Using Of Digital Technology On Learning English As Second Language – Literature review Example

Using of digital technology on learning English as second language Bull and Kajder (2004) reported that comprehend digital storytelling as an all-encompassing learning activity, which can be used to cultivate different skills. The skills that can be cultivated using digital storytelling among other digital technologies include the development of basic oral skills, writing skills, content comprehension and digital skills (Holmes et al., 2001, pp. 3115). The use of digital technologies in teaching English as a second language encouraged the participation of the learners during the course of learning, which was evident through behaviours like some students teaching others, and identifying digital technologies as an effective model for sharing and documenting knowledge. The other advantage is that the use of digital technology cultivates higher understanding, because the variations in the tools among different students cultivate further comprehension and knowledge sharing (Greeno, 2006, pp. 80).

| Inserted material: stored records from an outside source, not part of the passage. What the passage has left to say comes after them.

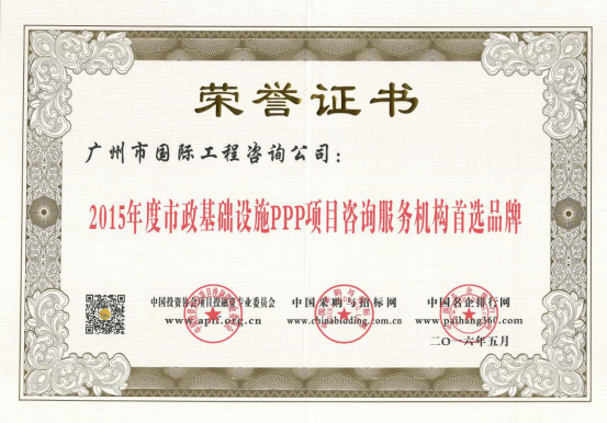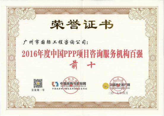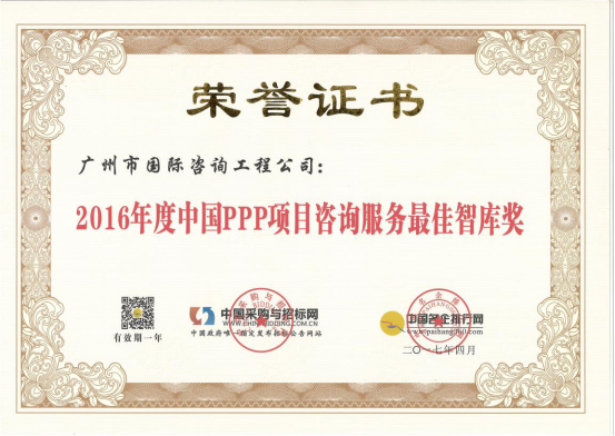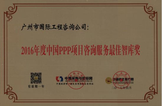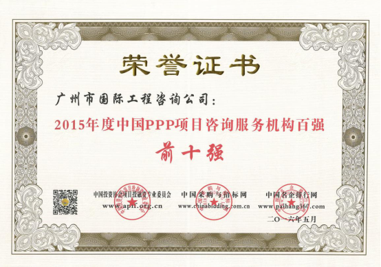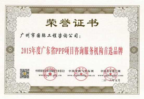 廣州市國(guó)際工程咨詢公司已連續(xù)兩年,蟬聯(lián)年度中國(guó)PPP項(xiàng)目咨詢服務(wù)機(jī)構(gòu)十大頂級(jí)品牌等獎(jiǎng)項(xiàng)。
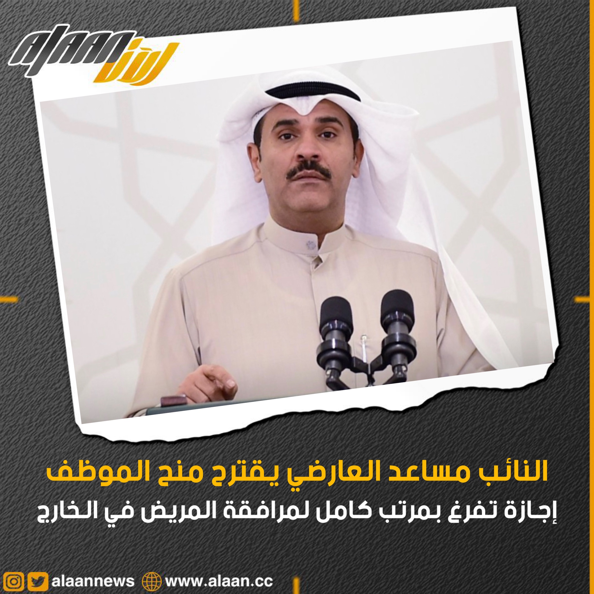 تقدم النائب مساعد العارضي باقتراح برغبة، بمنح الموظف إجازة تفرغ بمرتب كامل لمرافقة مريض في الخارج، قال في مقدمته ما يلي:
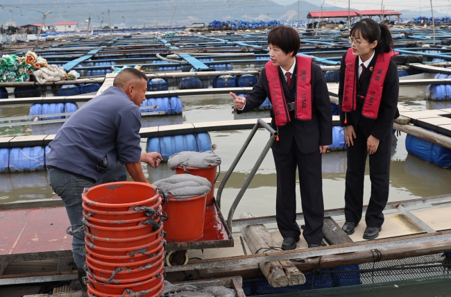霞浦县检察院检察官走上渔排了解渔业生产情况。
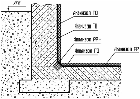 3. Нанести гидроизоляцию обмазочную Акваизол ГО в три слоя методом «свежее по свежему». Толщина одного слоя не должна быть меньше 1,5 мм.
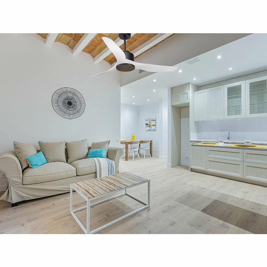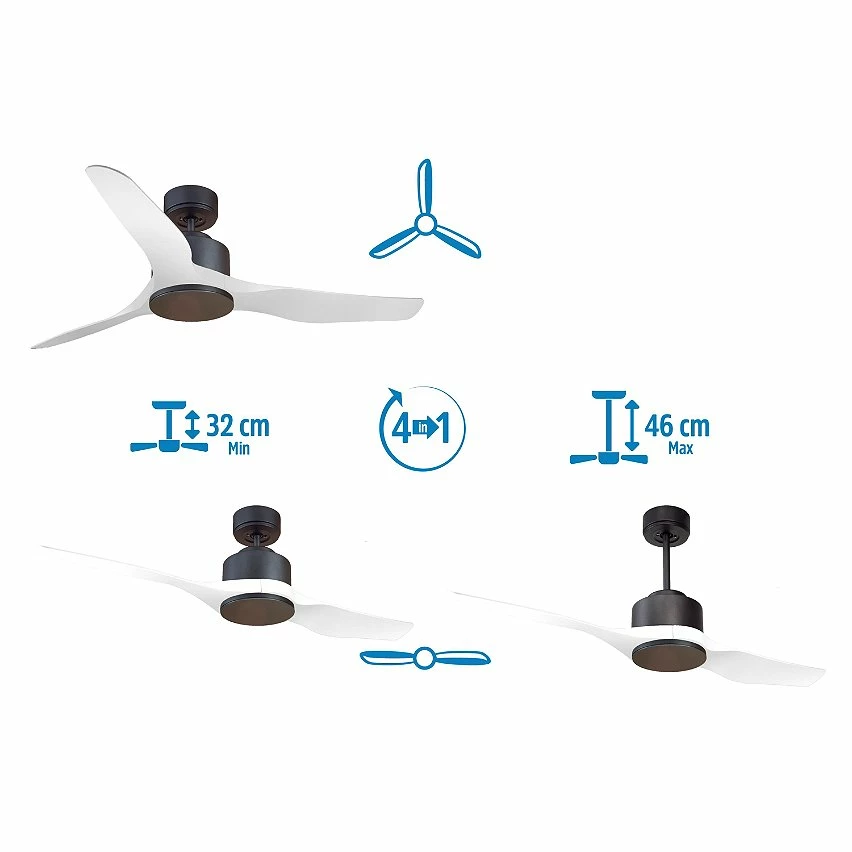 Le moteur Ă courant continu noir DC1 permet des installations dans les plafonds jusqu’Ă 27Âș d’inclinaison et est servi avec deux tiges pour ĂȘtre installĂ© Ă la hauteur appropriĂ©e (13,5 cm et 25 cm). Il est parfait pour 2 ou 3 pales, car il dispose d’une fonction auto Ă©quilibrĂ©e. Il prend Ă©galement en charge le kit de lumiĂšre. Ce modĂšle est rĂ©versible, dĂ©sestratificateur d’air, de sorte qu’en hiver, vous pouvez inverser ses pales pour que son mouvement dĂ©place l’air chaud vers le bas, agissant en complĂ©ment de votre systĂšme de chauffage et favorisant une consommation optimisĂ©e. Il comprend Ă©galement un thermostat Ă sa base, de sorte que vous pouvez le programmer pour que le ventilateur fonctionne en fonction de la tempĂ©rature ambiante.
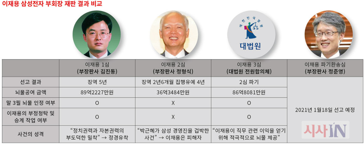 정준영 부장판사의 이재용 부회장 징역 2년6개월 실형선고, 법정구속 판결.
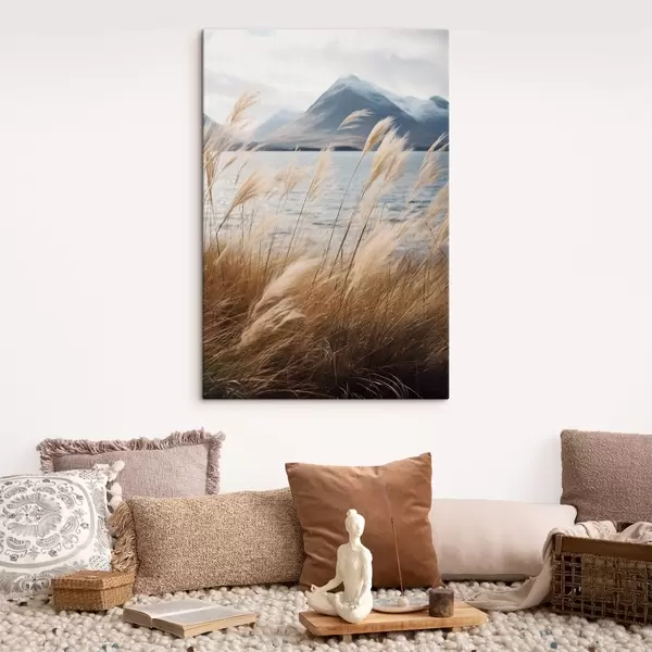 Maalid Pampasrohi järve ja mägede taustal, pehme valgustus, summutatud värvid, naturalistlik stiil Nr s46283
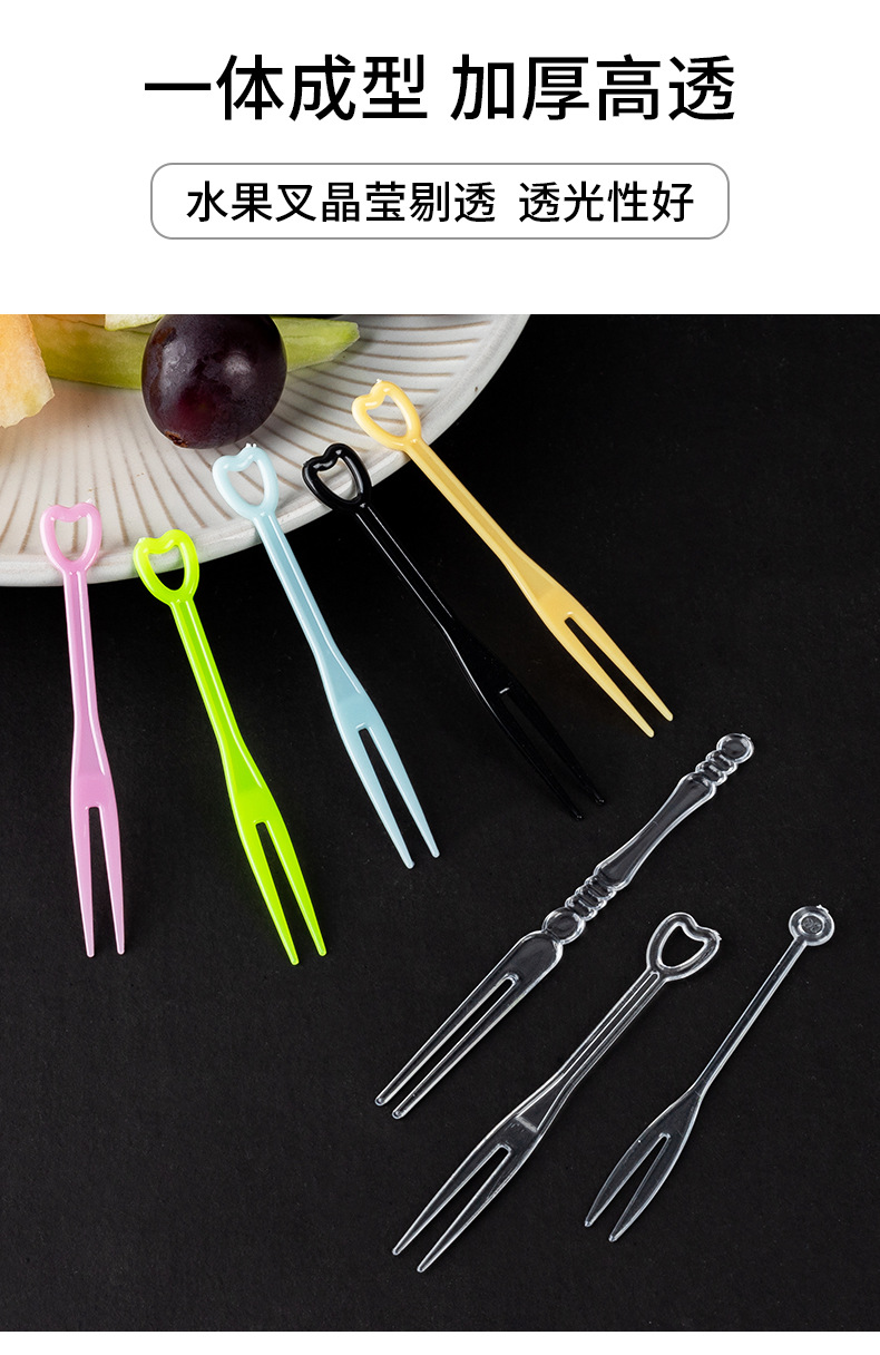 果物フォーク使い捨て包装プラスチック果物署名ケーキフォーク透明ktv商用小フォーク果物挿入
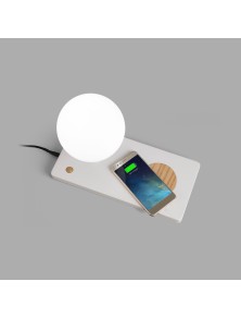 Hubble is a brown or natural lacquered wood base and matt white glass diffuser.
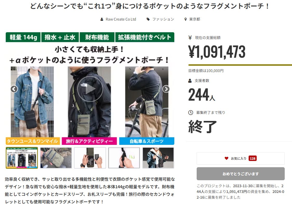 2023/12/25 20:00ご支援くださった皆様、お気に入り登録してくださってる皆様、ご閲覧いただいた皆様、本当にありがとうございます!お蔭様で達成率は200%を超えています、これも皆様の応援のおかげです!引き続き、活動報告やインスタグラムなどをご覧頂き楽しんでもらえるよう、務めて参りますので、応援の程よろしくお願い致します!前回の登山での使用に続いて、今回はロードバイクでのサイクリングでフラグメントポーチを使用してみた感想を簡単にですが、書かせて頂きます!※さらなる詳細を見たい方は弊社BLOGをご覧ください!ロードバイクでの使用感は、率直に言ってとても使い易かったです!その理由は、バックポケットにポーチ自体が収まるので、自転車を漕いでいても、ズレてこない!ベルト長を調整してポケットに収めると、バッグを付けている事を忘れる事があるくらいでした!そして、ショルダーベルトのループが鍵を引っかけるのに便利過ぎました!またトップチューブバッグとしての可能性も見いだせました!※固定にはショルダーベルトを使用する予定でまだ完全ではありませんが。。マグネット開閉式なので、取り付けもラクですし、アイデア次第で使い方の幅が広がっていくのは使っていて楽しいと思います!弊社ブログではさらに詳しくレポートしていますので、是非ご覧いただければと思います!弊社ブログはこちら→こんなところをもっと詳しく知りたいよとかこの部分のアップ画像が見てみたいなどご要望があれば、お気軽にコメント下さい!まだまだプロジェクトは続きますので、色々なシーンでの使用や、コーディネイトのご紹介等々、活動報告、SNS、ブログにて公開していきますので、引き続き、応援の程よろしくお願い致します!STAFF 一同 もっと見る

In relating the usage of digital technologies in the teaching of English as a second language, digital tools offer a very productive tool for teaching English as a second language (Greeno, 2006, pp. 79). This is the case, because digital techniques like storytelling offer the stimulus that cultivates the understanding of the language (Greeno, 2006, pp. 81). Further, the dependence of the student on the learner can be redirected to the digital learning tools, because they offer the knowledge, and simulate the observation, measurement and the evaluation of the expected behavioural changes that demonstrate learning (Greeno, 2006, pp. 84).
In relating the usage of digital technology to the teaching of English as a second language, to the constructivist theory of learning, digital technology fosters the learning of new language, through the interactive platform (Marzano, 1991, p. 519). This is the case, tracing the appeal of new knowledge to the process of cultivating the development of skills like basic oral skills, content comprehension and writing skills (Bull and Kajder, 2004). Through the creation of new knowledge, using digital technologies, these tools demonstrate their usefulness in teaching English as a second language (Marzano, 1991, p. 518).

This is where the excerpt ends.